D. [12:00] Adjourned for Lunch
Reconvened at 13:00 hr.:
Chair: Show of hands re who is comfortable with term TES? Tom: please set some context
because other terms may need tweaking; floor: let’s get more time. In the context of
discussion today who believes TES is adequate? Approx 10[Y]/20[N] vote.
Florin: Please take the terminology into some other document.
Tom volunteered to help with a small team and come back in a week or two.

E. [13:05] Use Cases and Use-case (UC) Requirements
o draft-mity-nvo3-use-case (Aldrin Isaac - 15 min)
- Taking an operator perspective to make it more useful and focus on general use cases.
- 4 focus areas: basic NVO, Interworking, …
- Assumptions: no gateway in an NVO; end systems do not directly with the transport
    underlay; NVO may be L2 or L3; L2 NVO is used for non IP protocols e.g. VRRP, FW HA,
    etc. L3 may be used also between gateways.
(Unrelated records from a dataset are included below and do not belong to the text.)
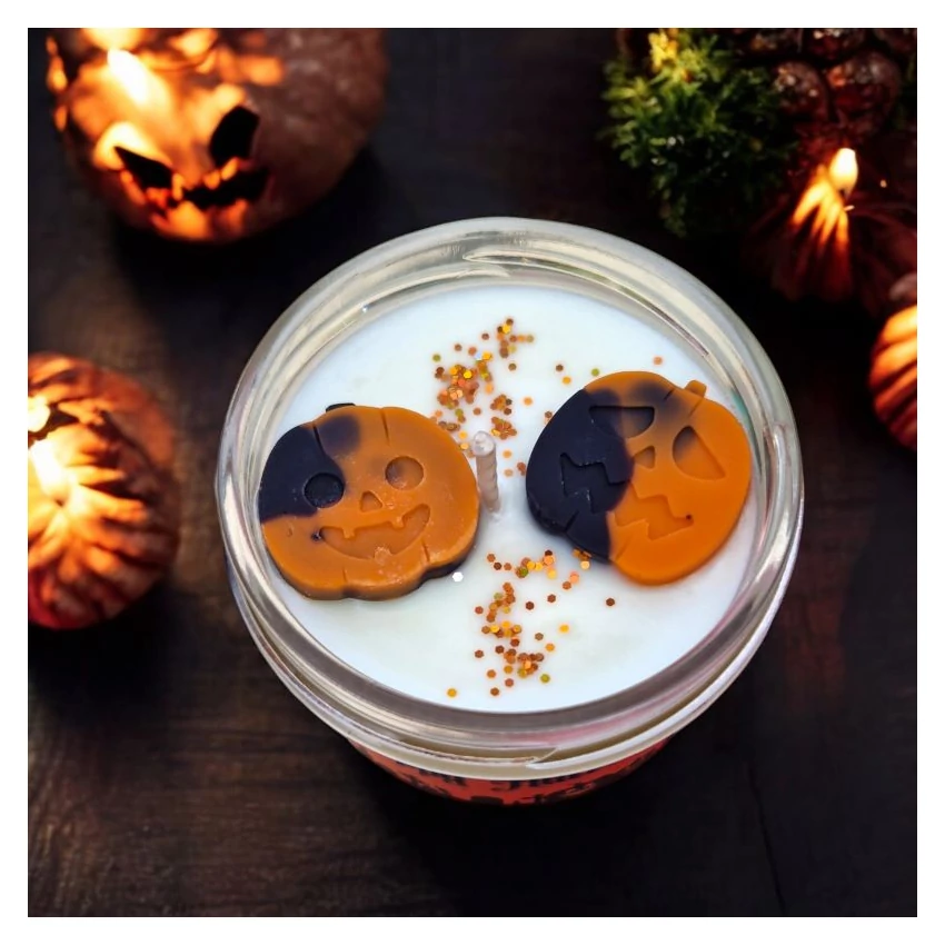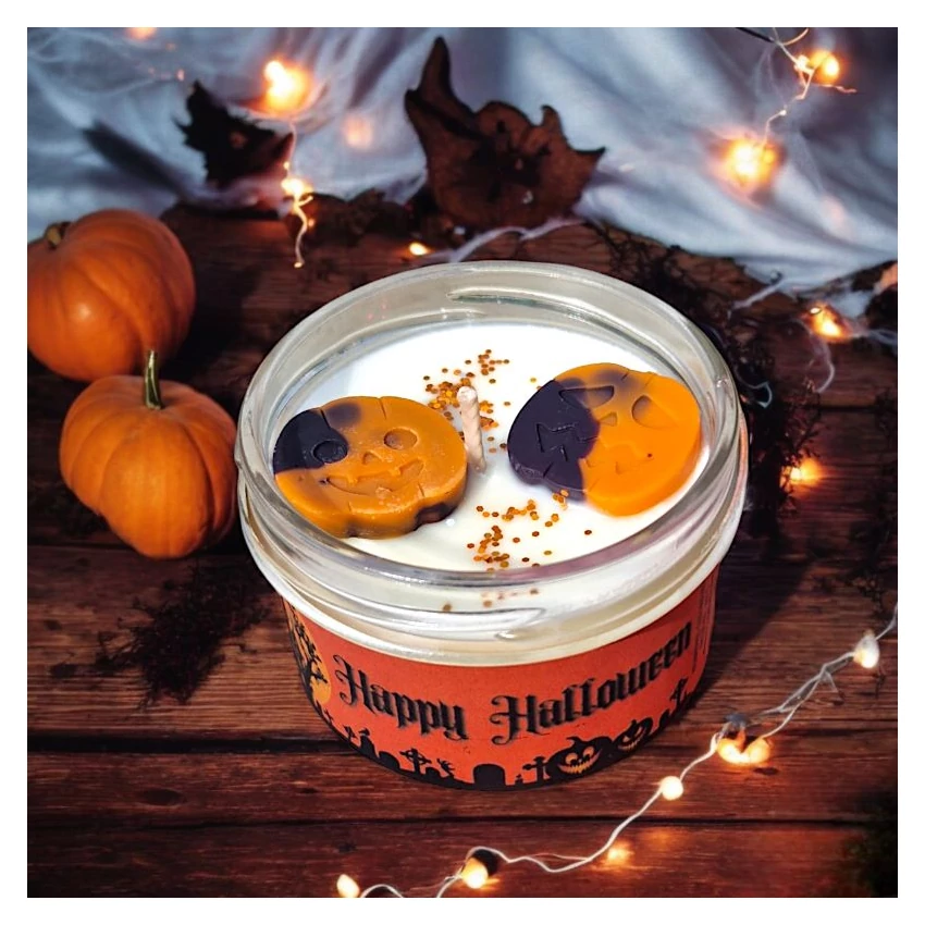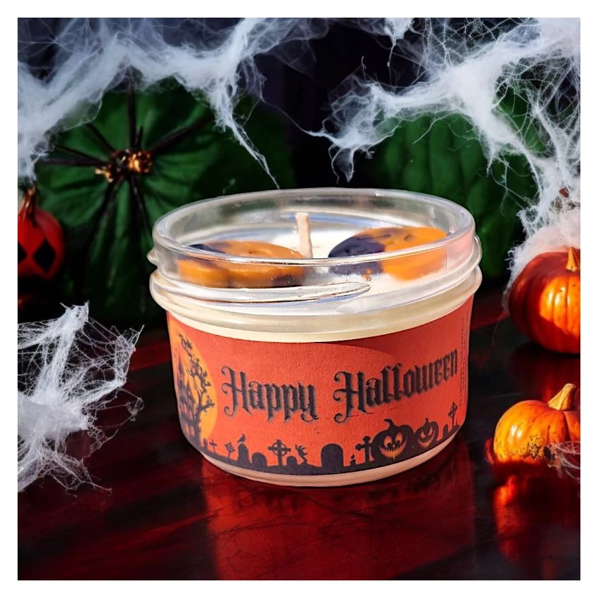 A Happy Halloween szójaviasz gyertya elhozza otthonodba a Halloween varázslatos és misztikus hangulatát. A gyertya tetejét vidám, tök formájú illatviaszok díszítik, amelyek azonnal ünnepi hangulatot teremtenek, tökéletesen illeszkedve a Halloween dekorációhoz.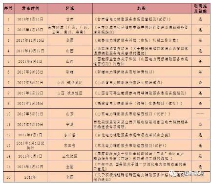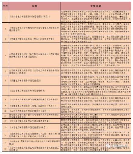 表1:電力市場(chǎng)輔助服務(wù)相關(guān)政策一覽表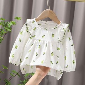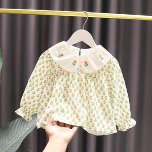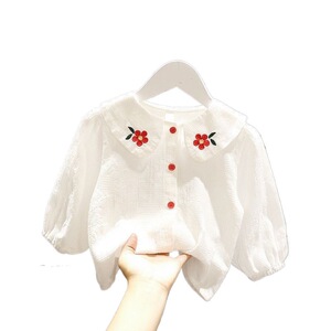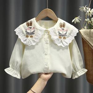 女童衬衫春秋2025新款翻领棉质长袖白色衬衣女孩洋气秋装儿童上衣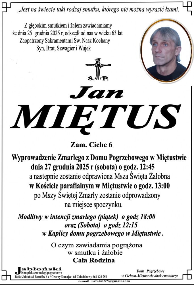 Podhale24.pl zastrzega sobie prawo do nie publikowania wspomnień, w szczególności tych nie związanych z profilem działu nekrologi, zawierających wulgaryzmy, wzywających do zachowań niezgodnych z prawem, obrażających osoby publiczne i prywatne, obrażających inne narodowości, rasy, religie itd, oraz te, bez możliwości telefonicznej lub mailowej weryfikacji ich autora.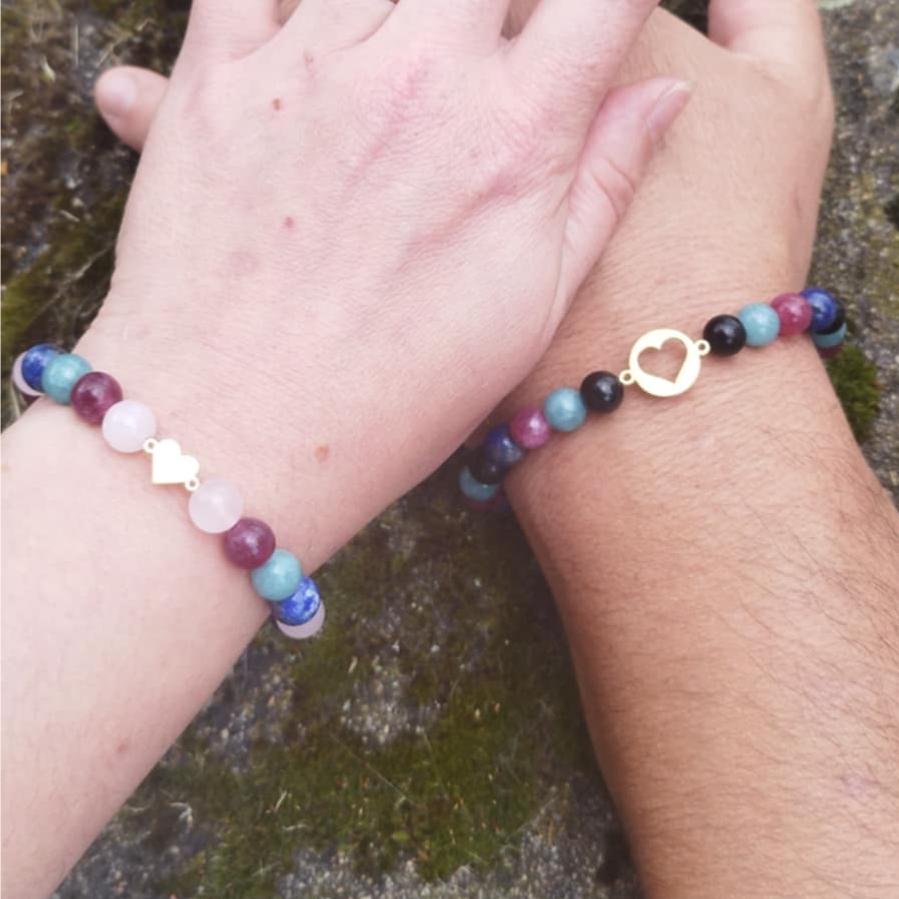 Renforcez votre lien amoureux grâce à ce duo de bracelets en pierres naturelles et d'un pendentif en acier inoxydable, spécialement conçu pour les couples. Chaque bracelet associe des pierres de lithothérapie sélectionnées pour favoriser l’amour, la confiance, et la communication.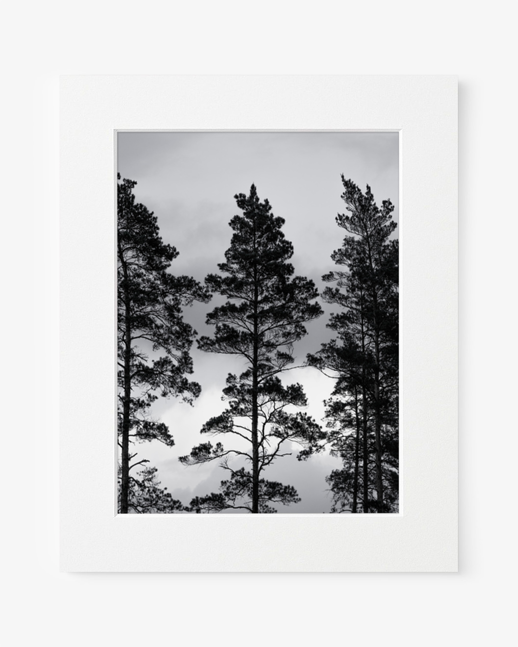 Ontdek de serene schoonheid in Mareike Böhmers weergave van hoge bomen die dramatisch gesilhouetteerd zijn tegen een bewolkte lucht in deze verbluffende zwart-witfoto.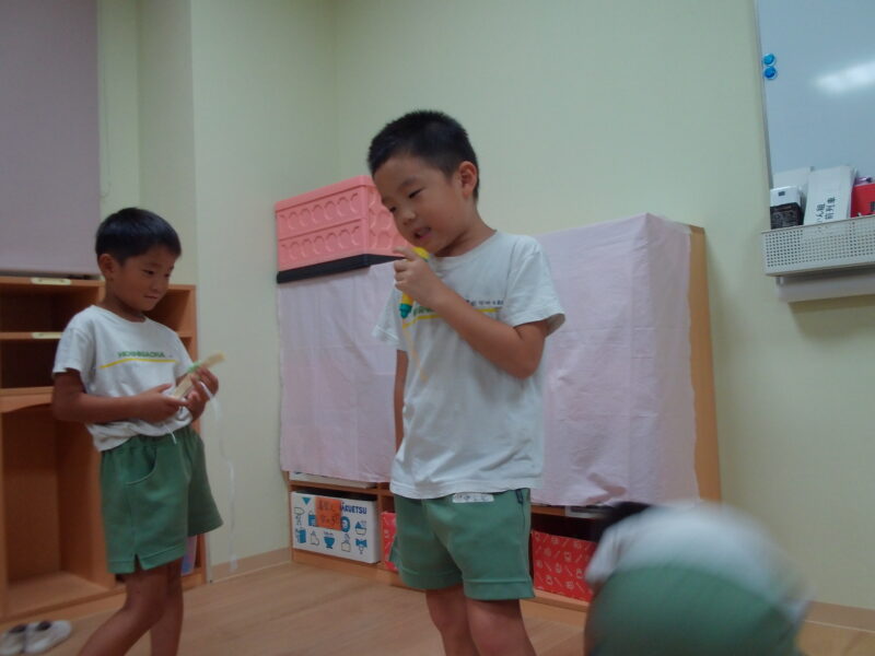 自由遊びの時に、マイクを持ってよし!歌うぞ🎤と意気込んで、、、「はいよろこんで」を歌っていました🎵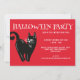 Black Cat Halloween party invitation featuring a black cat pattern on a white background on the back of the card and cat on a red background on the front. Customise with your details, change the text colour or leave as shown here to create your very own fun invitation. Spread the word about your spooky halloween bash! Please browse the Halloween Party Invitation Collection for more designs.

Gateway is defined as interconnection
    between NVO instances; logical GWs may coexist;
- Basic NVO: any NVO can be on any NVE in the NVO3 autonomous system (AS); AS seems to
    be limited to the scope of a VM movement in this use case. UC optimizes physical
    resource utilization. VM move may also be due to: maintenance window requirements;
    datacenter migration/consolidation; load balancing between Data Centers; suggesting
    direct underlay tunnel between datacenters with no gateways in between. So a DC
    boundary does not map to an Oracle Domain boundary. David/Tom: pls be careful re the
    use of AS (watch for baggage) perhaps use admin domain. Aldrin: means one Oracle (per
    AS).  So it is an Oracle Domain or NVO3 domain. Sumesh: what is the use of an OD
    spanning multiple datacenters? There may be negatives to doing this.
    Response: it depends on the Oracle and how distributed it is (i.e. control or
    directory based). David: One can argue for both scenarios of one OD per datacenter
    and otherwise. Aldrin: Based on past experience extending one OD makes my life easier.
    I want a direct tunnel between the datacenters between NVEs; rather than some other
    entity. Floor: asked for proof point! Operator experience. Please no gateways in
    bridging datacenters should be required. Latter is a use case. Lucy: This is doable
    as tunnels can be built on top of the inter data center WAN connectivity if the
    underlay is multi-datacenter.
    Sumesh: Now I understand better why you are asking for
    this. This may be doable in other ways without a OD crossing datacenters.
    Response: OK, show me what you can do and I will consider it.
    Floor: what does the Oracle control in your mind? Response: It depends on how you
    federate and resolve the name space issue.
- Interworking of NVEs: one form of NVE communicating with another form of NVE based on
    placement.  NVE from multiple vendors may be Hypervisor based on ToR based should
    interwork. Please no hidden vendor locks nor customers need to sort it out. Fit with
    existing TOR functions; no specialized new device.
- Interworking NVO instances: within an NVO3 domain using gateways; within an OD.
    Support B2B inter tenant inter NVO instance communications; access via Internet etc.
     chair cut off due to lack of time …
- Next steps: we need real use cases from the real world. Soliciting input.
   Chair: no milestone for use cases currently; thoughts on mailing list how to absorb
   the use cases.


F. [13:50] Data Plane Requirements
o draft-bl-nvo3-dataplane-requirements (Nabil Bitar - 15 min)
- Purpose define the data plane for NV over layer-3. VAP definition is followed by the
    L2/3 VN Instance services and TTL handling (inetgarted routing/bridging is optional).
    IPv4/6 outer encapsulation is a MUST and MPLS is a MAY. Entropy is requirement for
    load balancing; Diffserv and ECN marking is covered and BUM handling; Somesh: The U
    may not be an issue if routing is used for the control plane. Point of disagreement.
    Floor: Please track the action items resulting from the discussion.
    Floor: is entropy a MUST? No it is not as long as there is enough information for that
    purpose. ECN is not an RFC yet and work in progress; disagreement on references.
    Floor: should this be specified as part of the standard or just references as what
    might be required. Floor: Framework needs to be settled before this document can
    complete.
- VNI Types: L2 and L3 are both supported. As well as integrated routing and bridging
    on NVE.
- Next Steps: Make entropy language more general. Expand on L3 multicast groups; and
    solicit comments. David: suggestion be careful about venturing much beyond the
     requirements as there are at least five data planes out there. Avoid data plane wars.
     Somesh: How do existing deployments fit the L2 model? Not clear. Back to BUM, does it
      need to be a MUST? Tom: Extent of L2 emulation needs to be captured concisely at
      some point; agreed.
- Further discussion on the mailing list.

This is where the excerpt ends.